I have had great success selling a few big items on Facebook Market Place this past weekend. Levi’s antique fire hydrant that was in my dog pen and a large, four-sided glass showcase that was in our library and held the small collectibles I've been selling off. Both sold within 24 hours of me listing them. The fire hydrant, however drove me crazy or rather the people who contacted me about it did. Within an hour I had 32 people messaging me with offers. The first guy who set up an appointment to pick it up bellied out on me at the last minute because his wife “wouldn’t let him buy it.” In the meantime seven or eight guys kept checking back with me to see if the first guy who had the appointment took it. And way too many of the people who sent messages need to brush up on their communication skills. It’s like the old joke about the proper use of capital letters i.e. there’s a difference in meaning between “Help your Uncle Jack off his horse” and “help your uncle jack off his horse.” People would send messages like ‘20’ and that’s all. Took me a long time to figure out that meant, “Will you take $20?” Uh, No! It’s listed at $50 or BEST offer. The couple who ended up with it bought it for their dog to use instead of their their shrubs. They were super friendly and easy to talk with as they dug it out of the ground. Two antique fire equipment collectors offered $80 and $95 but they came late to the party. I think Levi would be happy that his fire hydrant is going to another canine. ©

A lady who collects tigers had been looking for a larger showcase than the one she's outgrown. She was thrilled with this one. While her crew was here to load it in a truck one of the guys bought the two animal skulls that I had de-cowboyed out of my living room last week. He got a good deal and I was happy I didn't have to list them on e-Bay. It felt good to be wheeling and dealing again.

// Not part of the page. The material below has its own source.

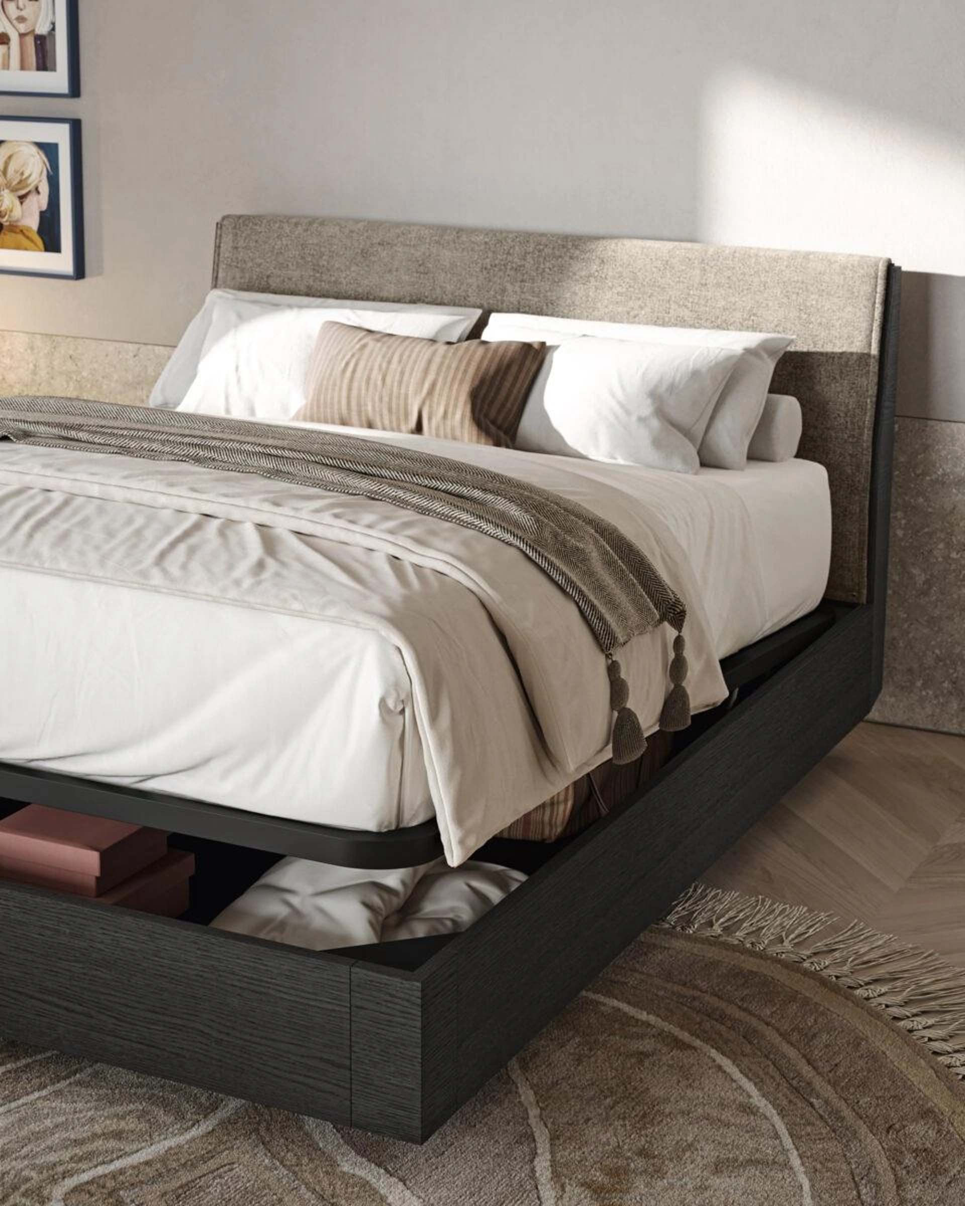 Se cerchi letti matrimoniali con contenitore, ecco qui il modello Nautilo in legno per valorizzare la zona notte.

This is hydrant that I just sold. It was made in Tennessee in the '50s and was used in Colorado where my husband bought it and 2 others. We rode all the way home with those hydrants on the floor of our motor home. One we sold right away for what we paid for all three. A smaller hydrant, early 1900s, was on display in our garage for years. It sold at the auction house last summer for over $200. I hated to see that one go. It had a lot of brass on it and was a real cutie. I don't know if it's true in other places but old fire station equipment has always been quick sales for us.